Q: All good, all healthy since then?
A: Last year I felt like I was still working back into things after being out for so long, but the season went well and my hip rarely bothered me. This year has been even better so far.
Q: As a fifth-year senior on a team with a lot of underclassmen, do you find yourself giving advice to younger players?
A: I wouldn’t say I’m a huge advice-giver, but I try to be a good role model for younger teammates. I try to show what it means to be a BWOC (best women on campus — an Ohio State field hockey term) and student-athlete.
Q: What do you know now that you wish you had known when you were younger?
A: I wish I had known to set priorities and stand by them. When I first went to college I tried to do it all — get involved on campus, have a social life, finish school work and excel in athletics. This did not work for me at all. I was spread too thin and nothing was done as well as it should have been. I’ve gotten better at prioritizing what matters. This allows me to succeed in what I deem important and not worry about things that don’t matter. Prioritizing has made my life as a college athlete infinitely times better.

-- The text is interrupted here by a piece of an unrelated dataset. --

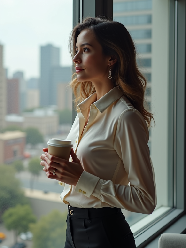 thoughtful model wearing elegant blouse with tailored pants with coffee, looking out office window, contemplative expression, city view

Q: Do you find that people not part of the field hockey program understand the rules of the game?
A: I’d say the majority of people not directly involved in field hockey (players and coaches) don’t understand the rules, especially not the more nuanced ones.
Q: Is there one particular rule about field hockey that you find confounding?
A: Most of the rules make sense, but one that I don’t find logical is having to move the ball 5 yards before entering the circle if the foul occurs within the 25-yard line.
Q: What is the hardest position to play in field hockey?
A: I’ve played many different positions, and most aren’t too different — you play offense and defense in all of them. I think the most difficult position would be goalie. They play such a mental game and have to be a step ahead of the opponent all the time. Good goalies have such a deep understanding of the game.
Q: What hurts more, getting hit by a field hockey ball or a stick?
A: I haven’t been hit too many times by either, but I would say a stick probably hurts more. It has more force behind it and manages to hit more dangerous places, like your face.
Q: How long have you been interested in your majors?
A: When completing my first degree (TESOL), I took some linguistics courses as electives. I thought these were interesting and would also help support my TESOL education. I’ve always been pretty interested in languages and also in more science-based areas of study so the combination of these fields was appealing.
Q: Have you given much thought about who and where you want to teach after graduation?
A: I student-taught in a high school and would love to continue working with students of that age. I’m not sure if I’ll be in Pennsylvania or Ohio, but I’ll look for employment in both and would be happy in either place.
Q: What will you remember most fondly about your time at Ohio State?
A: It’s cliché, but I will remember the school spirit. I absolutely love this school and love that everyone seems to enjoy it. It makes me extremely happy when the field hockey team is in Iowa, or I’m walking down the street in London or in the middle of Penn State territory and someone yells “O-H!” This spirit will be something I always remember and spread wherever I go.